According to the ancient Greek philosopher, Aristotle, “We are all what we repeatedly do. Excellence, then, is not an act, but a habit.”

And who am I to argue with Aristotle?

We all know that we are creatures of habit — we wake and fall in to the flow of our day, each day, much in the same way as the day before and the one before that. As such, from a time management perspective, the key is to understand which of your habits are poor; how you can tweak these habits to produce an excellent (rather than a vanilla) outcome; and how to repeat this new level of excellence again and again until a better habit is formed.

Simple. Well, not really. Unfortunately, we don’t often prioritise time to analyse and improve our poor time management habits. Oh the irony.

5 Top time wasters & solutions

  1. You start your day on email: If you start your day reaching for your phone to check your emails, you are setting yourself up for a reactive rather than a proactive day.

Solution: Get in to the habit of leaving your phone alone until after you have spent 30–40 minutes concentrating on your most important strategic task of the day. Then schedule 3 or 4 batches of time throughout the day to concentrate just on emails.

  1. You multi-task: Multi-tasking is the practice of juggling multiple tasks at the same time, such as taking a call while preparing an email. Despite common misconceptions, multi-tasking is not your friend. Moreover, only 2% of the human population can actually effectively multi-task — with these incredible freaks of nature being called ‘super-taskers’. Chances are that’s not you, sorry — research also shows that the better you believe you are at multi-tasking, the opposite is actually the case. For the 98% of us mere mortals, research indicates that multi-tasking can reduce your level of productivity by up to 40% and knock up to 10 points off your IQ.

Solution: Get in to the habit of single tasking. Head down, bum up, phone off, email alerts closed.

  1. You don’t use all of your time well: We all have little pockets of time we don’t use. For example, when a meeting finishes 10 minutes early, on your commute to work, or between meetings. Few of us, however, get in to the habit of using this time.

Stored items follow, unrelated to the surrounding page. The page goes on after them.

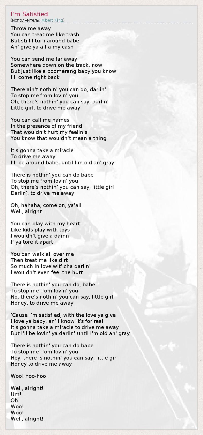 А как ты думаешь, о чем песня "I'm Satisfied" ?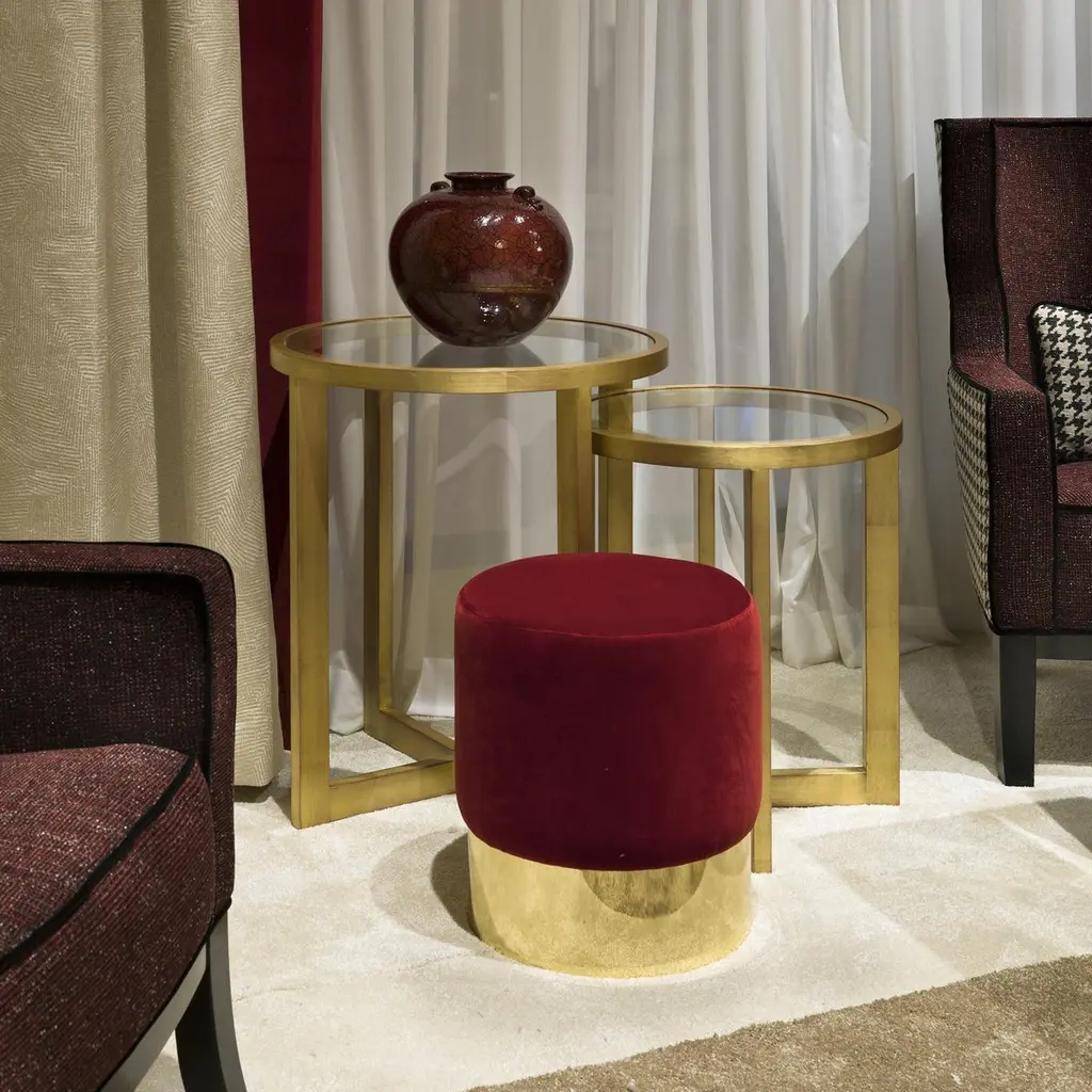 A piece that is sure to make a statement in a Classic or modern decor, this pouf is also a versatile object of functional decor that can be used as elegant stool in an entryway or extra seating in a living room. The cylindrical silhouette features a brass base, whose smooth surface and warm glow complements the velvet upholstery of the top and sides, with its luxurious red hue.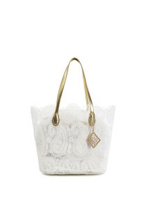 Lace shopping bag in various shades and matching inner bag embellished with personalised cafènoir pendant.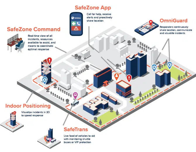 SafeZone also enables organizations to integrate a wide range of potential responders to optimize response to any situation through communication and visualization of specific groups of first responders, specialists, volunteers, outside agencies and end users based on their real-time location, role, and the nature of the situation.

Solution: Make a list of the small tasks you can complete in 5–15 minute pockets of time. Keep this list with you including when you are on the go. Each time you find yourself with a pocket of time, start working through your list. For example, maintain a ‘network list’ — when you find yourself with a pocket of time, call the next person on your list for a quick catch-up.

  1. You spend your day in meetings: How many hours a week do you spend in meetings? Maybe a better question is, how many hours a week do you spend in productive meetings? If meetings seem to be taking over your working life, it’s time to take back control.

Solution: Check the agenda up front and ask yourself, ‘Do I really need to attend? Will this be the best use of my time?’ Moreover, meetings do not need to go for an hour. It’s better to have more small meetings than one long generic one. Finally, meeting minutes should be kept simple — Who (who will take the action); What (what is the action); When (when is the action due).

  1. Your devices have taken over: Think about how many devices you own. Now think about how often you check your devices. Now double it — the average smartphone user underestimates the amount of time they spend on their device by half. Moreover, the average smartphone user: checks their phone 85 times a day; spends 90 minutes a day (or 23 days per year) on their phone; and spends 55% of this usage in short sharp bursts of less than 30 seconds.

Solution: It’s time to use your device for good and not evil. Schedule time in your calendar for email and telephone call management. In between these batches, turn your device(s) off. You won’t die.

Aristotle also said that ‘Quality is not an act, it is a habit.’ Is it time to put in place some quality time management habits?